The simultaneous measure of each of these parameters for each sample defines the High Content Screening (HCS), defined as the measure of a large number of information in the same sample at once.
One unique feature of Flow Cytometry is that it measures fluorescence per cell or particle. This contrasts with spectrophotometry in which the percent absorption and transmission of specific wavelenths of light is measured for a bulk volume of sample.
Main Goals
The project consists on developing a tool which helps scientifics to storage and analyze the outcome from the HCS experiments. The main goals of our research are described below:
- Storage of information (integrity of data).
- Analysis of the results.
- Visualization of the results.
Storage of information
Each well of the plate contains something different. It can be classified into 2 main categories: Samples or Controls (positive or negative).
Of course more than one sample can be added to a plate but each sample can also appear several times in the same plate (replication: duplicate or triplicate), we can use more than one control (different in nature or equals in nature but different in concentration).
So for each well we need an unique identifying number (UIN), but it need to be linked with eventual replication (some sample, like the positive may be test again for confirmation, so may have different place in different plate and different set of data but may need to be compare and therefore linked).
Each of these samples will be connected to a set of measures.
On the previous analysis procedures, these samples wre populated from an Excel file.
An Experiment layout (definition of gates) also needs to be linked to the data.
Analysis of results
The data analysis may consists at:
- Sorting data (related to a plate, to a sample, to controls, etc….)
- Statistical analysis (average, SD, Quartiles, hypothesis-driven statistics, etc)
- Combine different subsets to make some calculation (definition of Z, Z’ factors, etc) and/or normalization/standardization of data.
- Data mining, identification of patterns and structure in data.
You can see that data in the present context are multivariate by nature as for each sample there are several different measures at the same time.
Combine the information from sample analysis with properties of the samples (OLAP?)
A concern also will be about aberrant points (outliers): how to identify them rationally (Q test), and out to exclude them from calculation manually (when aberrant due to technical problem during the experience)/automatically.
Visualization
This is probably the most difficult part.
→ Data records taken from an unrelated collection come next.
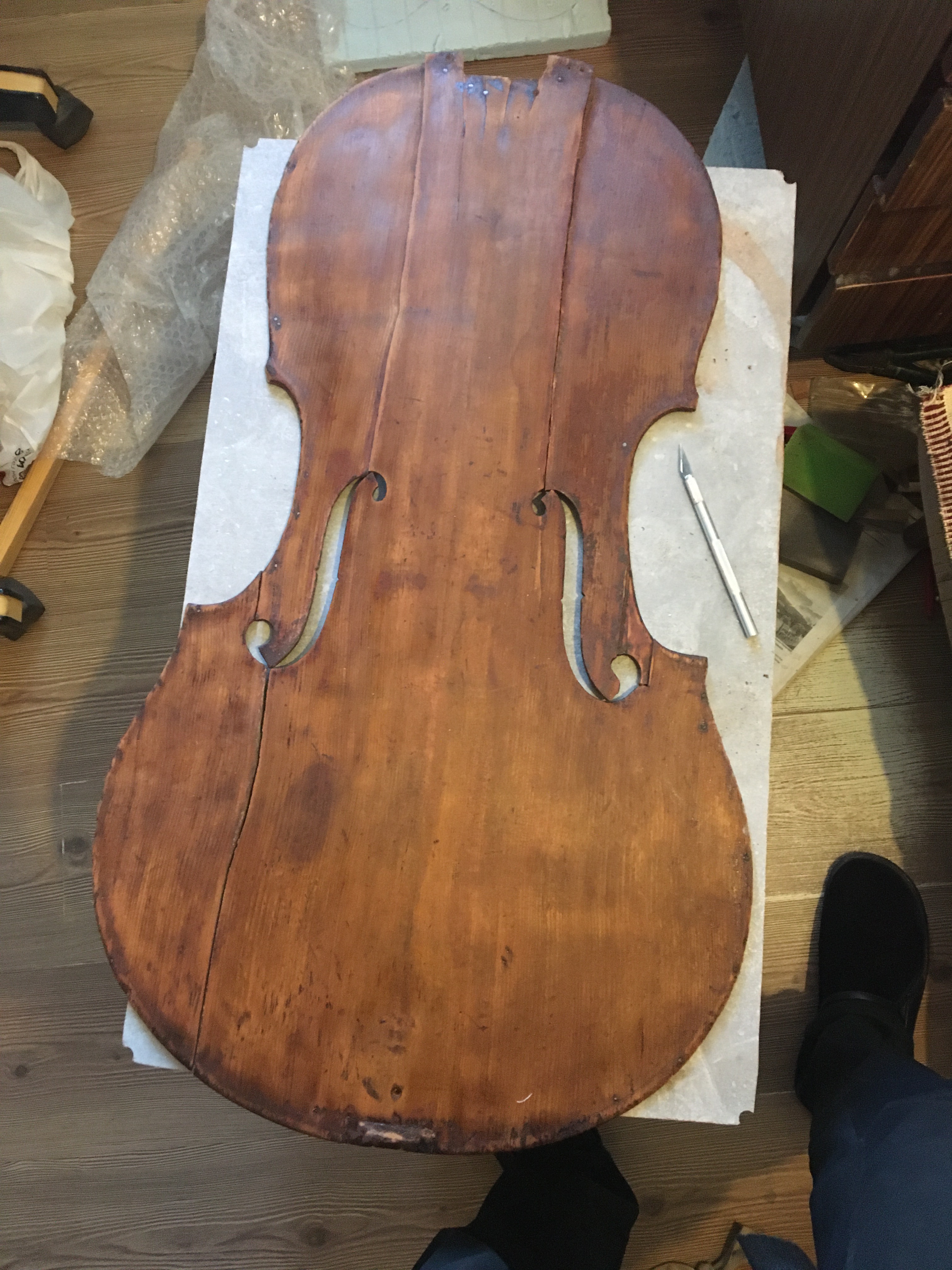 Здравствуйте. Мне предложили подарить виолончель и я, глупец, согласился. Состояние вы увидите на фото. Принес домой и ужаснулся. Старинная говорил дружбан... триста сотен гвоздей и шурупов, ужасная краска непонятного цвета и гриф месяцем. с трудом удержался и не выкинул. Принял решение склеить и посмотреть, что это за инструмент такой. Содрал лезвием краску с дна и увидел там волнистый клен. Да и дека в месте подставки не треснута. Решил, что буду ремонтировать. Скачал книжки, какие были в интернете и прочел их. Но на некоторые вопросы, скорее всего глупые, я ответа так и не нашел и поэтому очень надеюсь на ваше понимание и содействие. И самым первым делом меня интересует клей. До этого я всегда клеил на тайтбонд красный все и не парился. Тут я прекрасно понимаю, что нужен мездровый клей и понимаю почему, чтоб можно было разобрать. Но трещины на деке нужно тоже только им или все же можно тайтом? Я увидел ролик на Ютюбе, где дядьку заругали за то, что он там тайтом подклеил что-то и ему сразу в комментах указали на то, что с первой ноты ясно, что он убил звук. Я понимаю, что моей ненаглядной и не ЗВУЧАТЬ то нигде, но и учиться делать тяп-ляп не хочется.
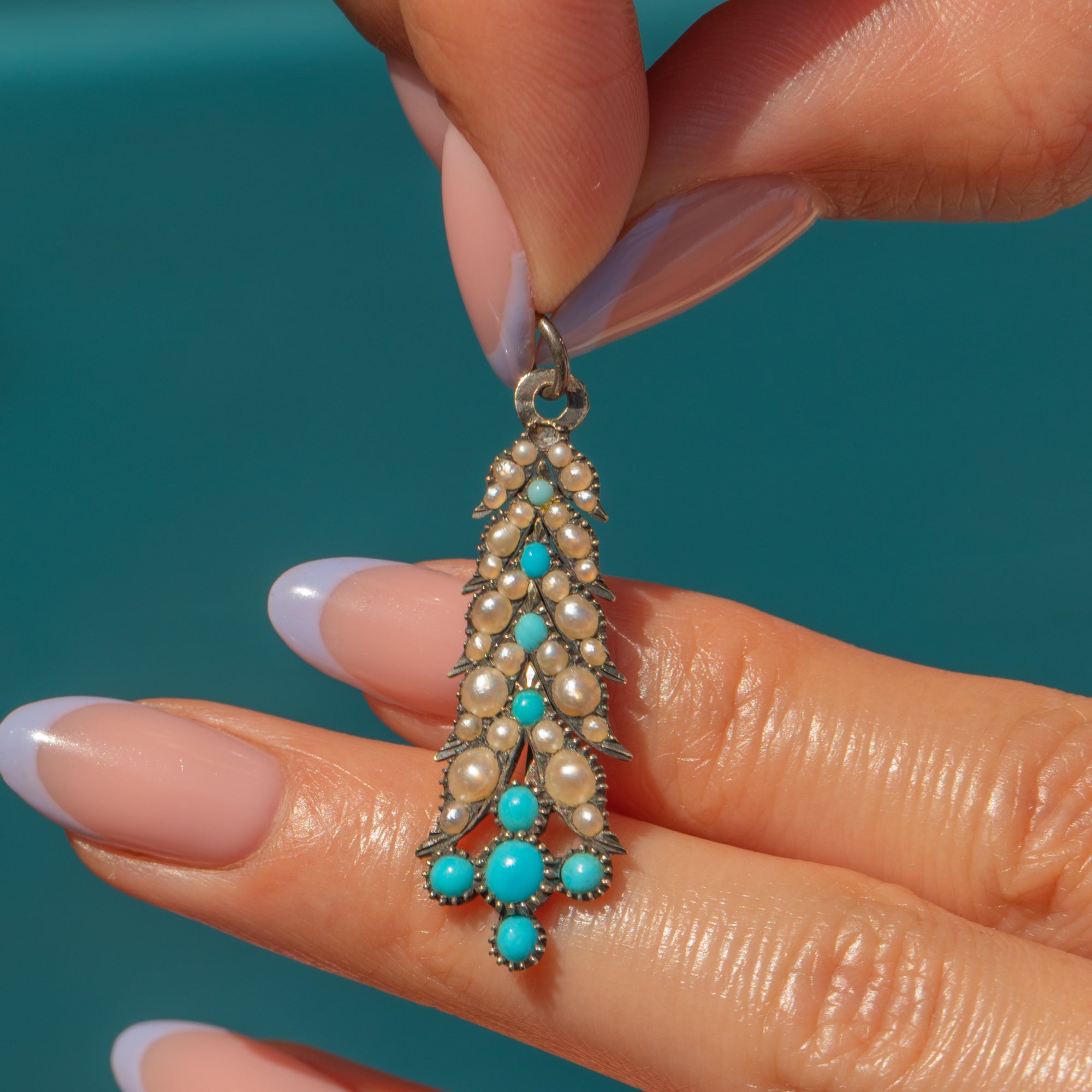 Crafted from a myriad of lustrous Pearls interspersed with vibrant Turquoise stones, this Georgian pendant is packed with antique charm! She is crafted wonderfully from 9ct Gold and has a nice, fluid movement. This antique pendant will look lovely suspended from a fine Gold chain!
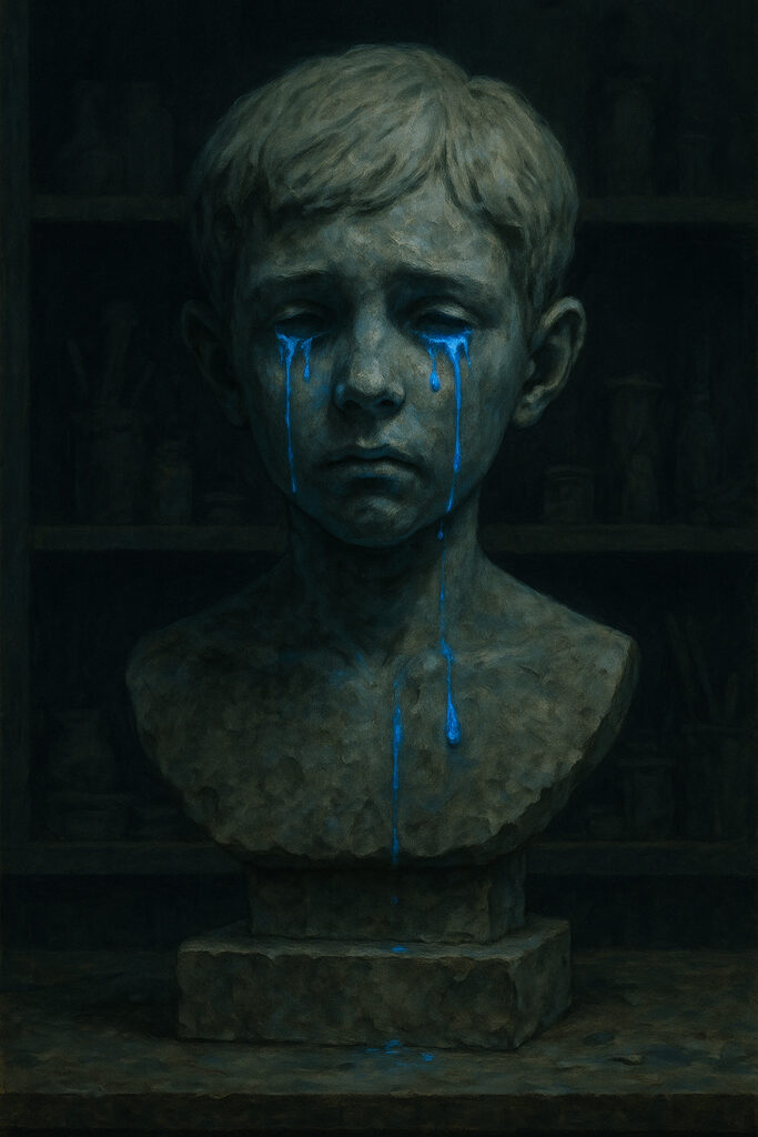 そこで彼が見たものは、とても恐ろしいものだったんです。行方不明になった友達の顔をした彫像が置かれていて、その目からは青い涙が流れていました。
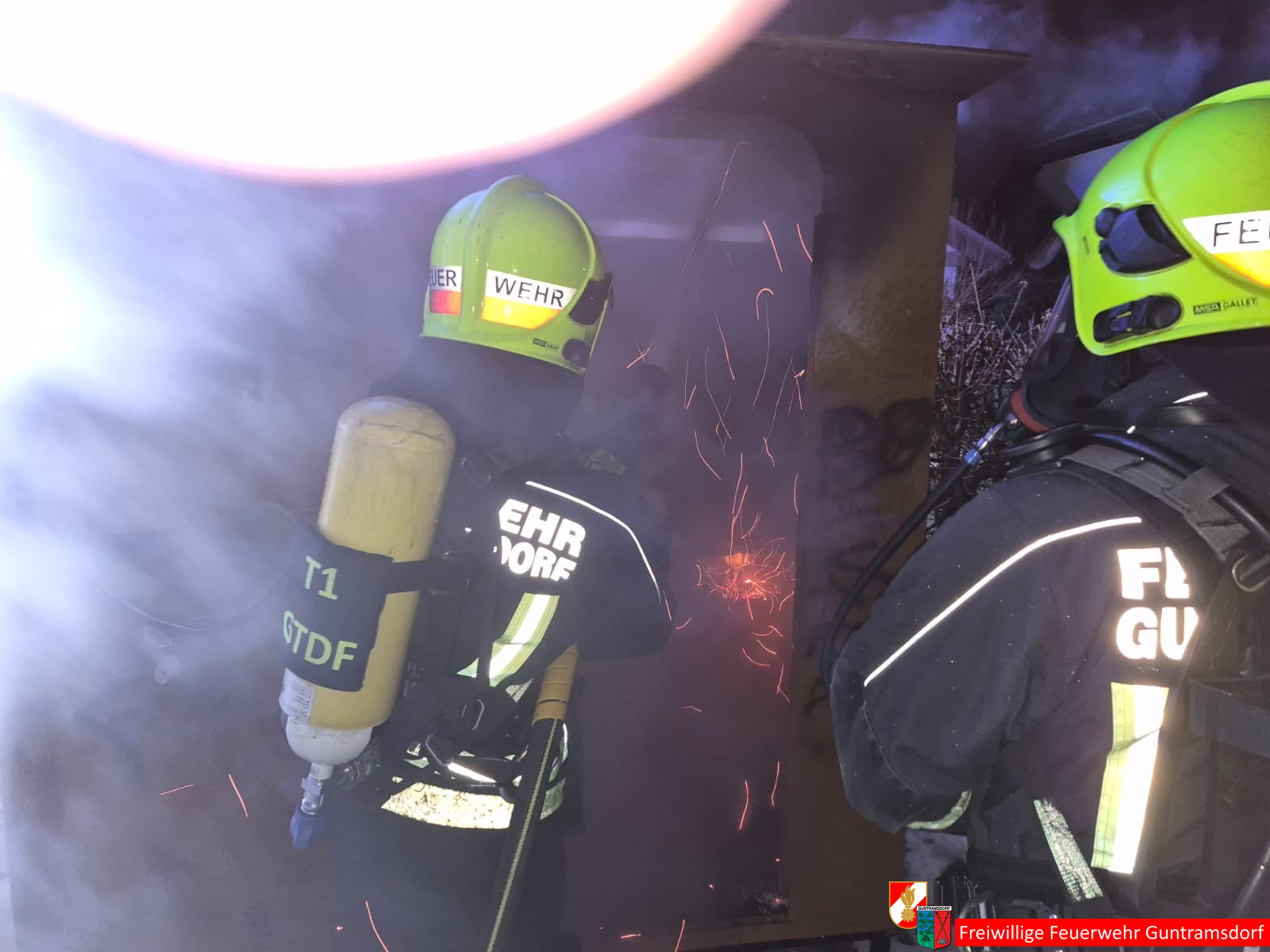 Vor Ort bestätigte sich diese Meldung und die Feuerwehr Guntramsdorf führte Nachlöscharbeiten durch. Das „Ökoklo“, gefüllt mit Sägespänen, musste komplett ausgeräumt werden, um die letzten Glutnester zu bekämpfen.
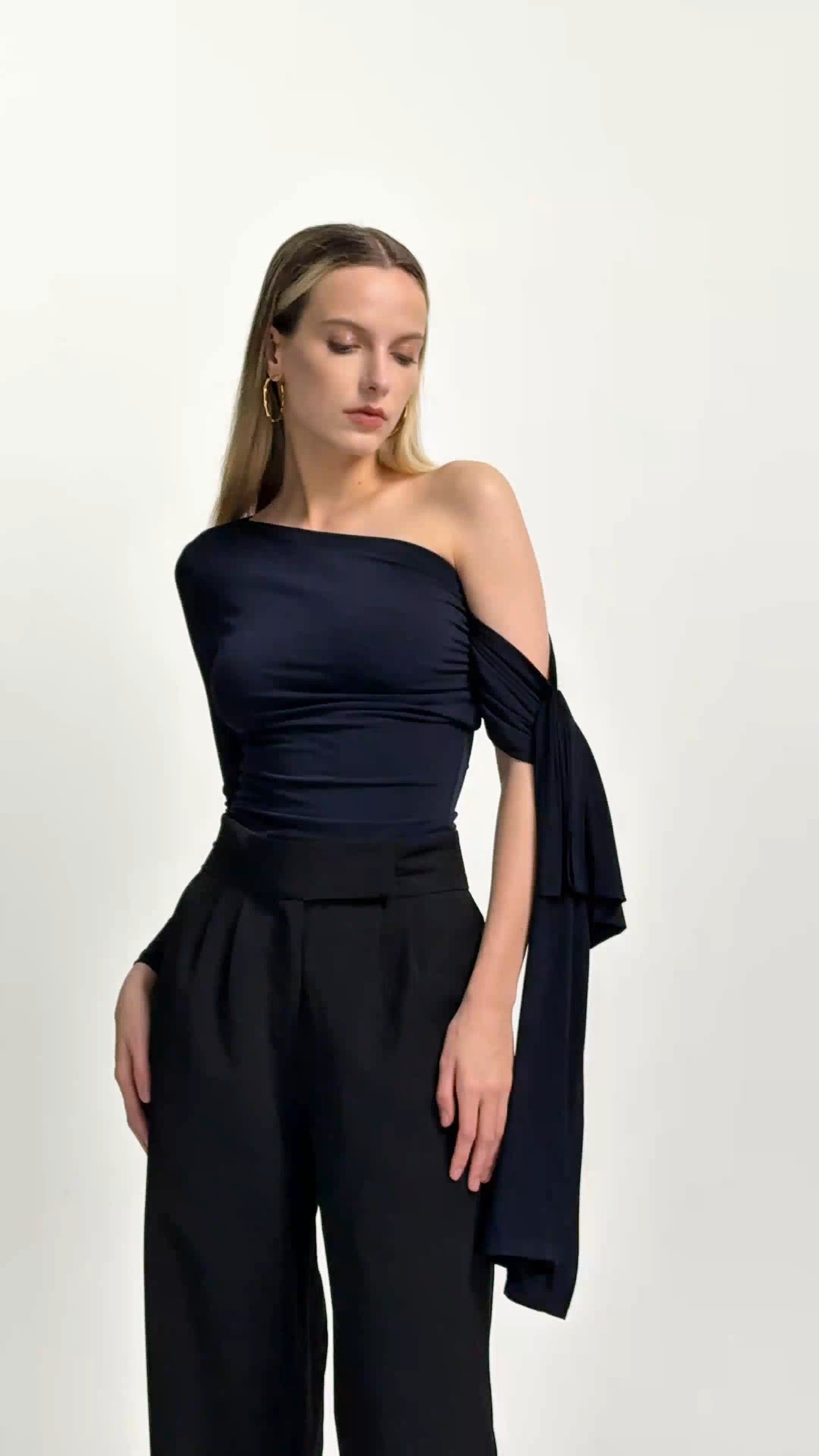 Upgrade your wardrobe with our Abia Asymmetric Single Shoulder Ruch Lace Up Top. This elegant top offers a unique asymmetrical design and stylish lace-up detailing that adds a touch of sophistication. The ruched fabric provides a flattering fit, making this top perfect for any occasion.

As the data is multidimensional for one sample X there is several measurement (Y1, Y2, Y3, …Yn) and informative visualization became complex. This point is related to the data mining approach we see above. [CyVisualization]
A research can be done on this field, using different visualization techniques such as: Dot Plots, 3D Dot Plots, Parallel Coordinates, Scatter Plot, and so for.
Finally we should be able to export the visualization of data for communication or labnotebook.